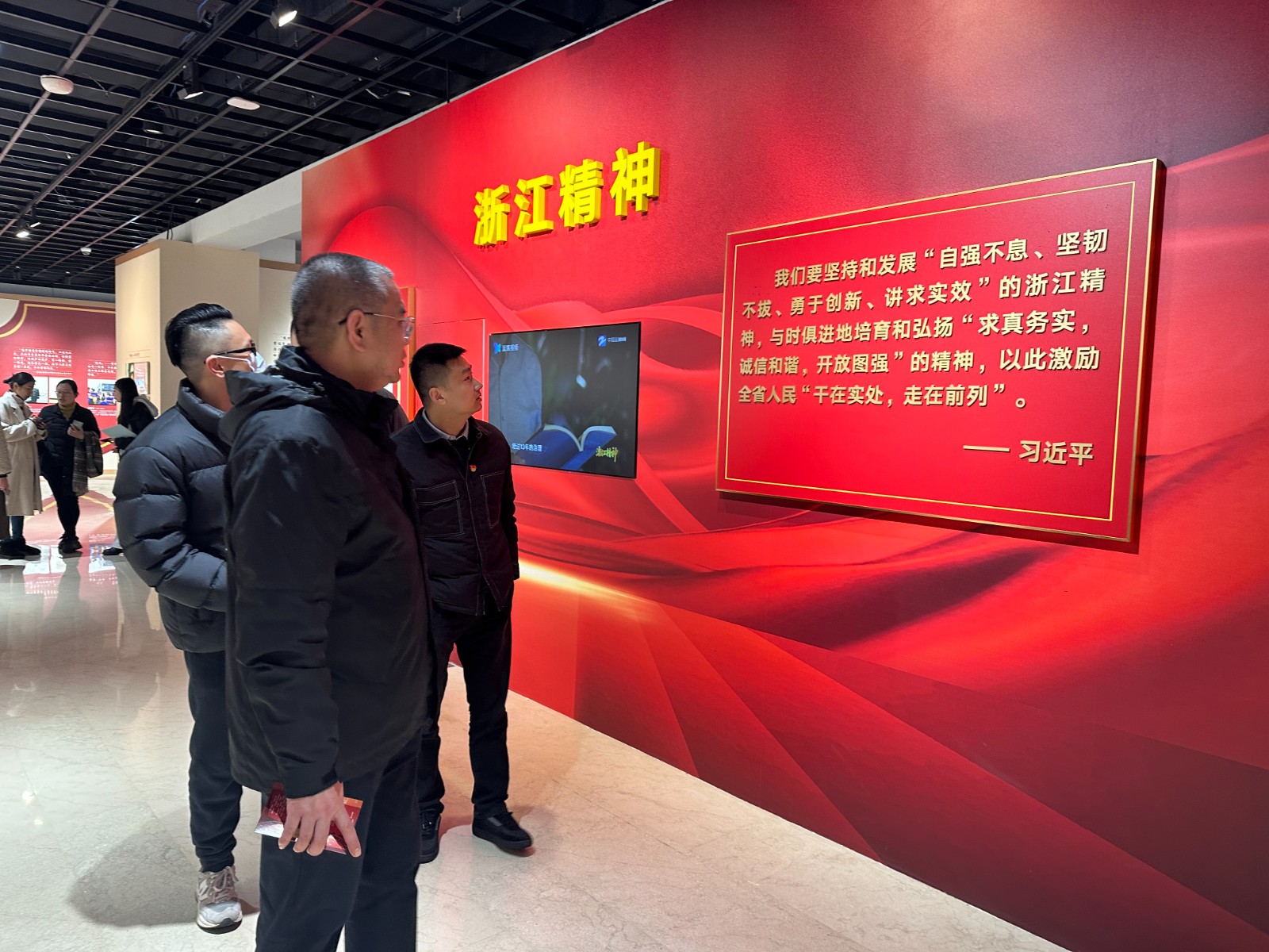 随后,党总支全体党员前往浙江省档案馆,参观“书信家国 尺牍情深——弘扬伟大建党精神长三角档案联展”。展览以伟大建党精神为主题主线,包含“革命理想高于天”“敢教日月换新天”“干出一片新天地”“不忘初心为人民”四个篇章,汇集了长三角地区70余家档案及文博部门珍藏的170余件家书、日记等手迹档案和近200张珍贵历史图片,反映了百年来,在伟大建党精神的引领下,长三角地区一代又一代中国共产党人,为党和人民的事业顽强拼搏、不懈奋斗的精神,彰显了中国共产党人将对家人的情感升华为对人民、国家的大爱担当,把家庭命运融入到国家和民族命运之中的家国情怀。
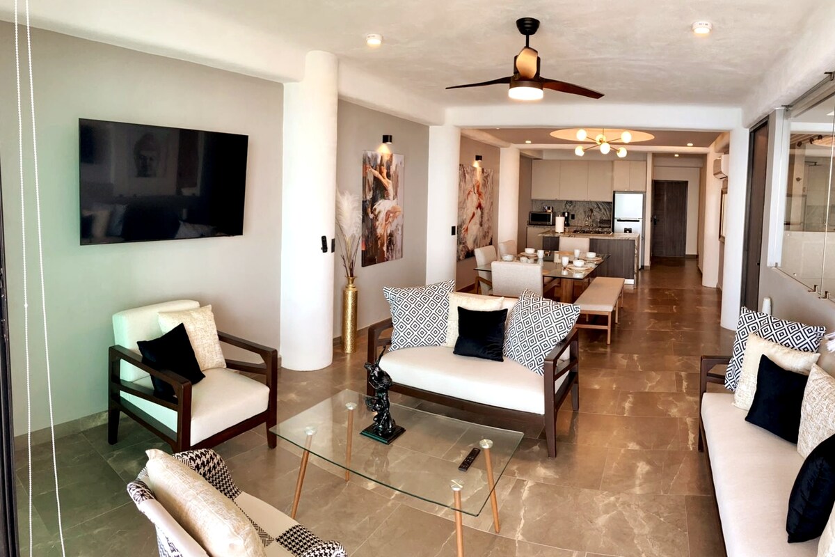 Uživajte u ovom udobnom potkrovlju na 6. spratu sa spektakularnim pogledom na okean koje se nalazi u Playa Flamingosu, Nvo. Vallarta. Uz večeru na balkonu kako biste maksimalno uživali u morskom povjetarcu. Inside private coto with 24/7 security, access to the beach, infinity pool and pool surrounded by sand. Opustite se uz uslugu bara i usmjerite hranu na sunce dok uživate u suncu. Idealno za porodice ili prijatelje koji traže more, bazen i odmor u sigurnom i ekskluzivnom okruženju. Sve je dobro za uživanje!
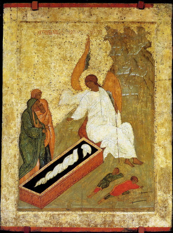 Жены иерусалимские, обнимающие друг друга, нерасторгаемые и в горе своем великом, как триплетеная веревка — «Вервь треплетена не расторгнется» (Еккл.4:12), взирают на тайну гроба, повинуясь жесту Ангела-тайноводца, научающему их тому, что написано у Пророков, прежде чем Сам Иисус Воскресший явится им – и в тот день они не спросят Его ни о чем (Ин.16:23).

——————

Exercise directions:
Each line from the one containing "Uživajte u ovom" through the final line of the data must be reproduced exactly, both ends included, with no pictures in the copy.

Solved exercise:
 Uživajte u ovom udobnom potkrovlju na 6. spratu sa spektakularnim pogledom na okean koje se nalazi u Playa Flamingosu, Nvo. Vallarta. Uz večeru na balkonu kako biste maksimalno uživali u morskom povjetarcu. Inside private coto with 24/7 security, access to the beach, infinity pool and pool surrounded by sand. Opustite se uz uslugu bara i usmjerite hranu na sunce dok uživate u suncu. Idealno za porodice ili prijatelje koji traže more, bazen i odmor u sigurnom i ekskluzivnom okruženju. Sve je dobro za uživanje!
 Жены иерусалимские, обнимающие друг друга, нерасторгаемые и в горе своем великом, как триплетеная веревка — «Вервь треплетена не расторгнется» (Еккл.4:12), взирают на тайну гроба, повинуясь жесту Ангела-тайноводца, научающему их тому, что написано у Пророков, прежде чем Сам Иисус Воскресший явится им – и в тот день они не спросят Его ни о чем (Ин.16:23).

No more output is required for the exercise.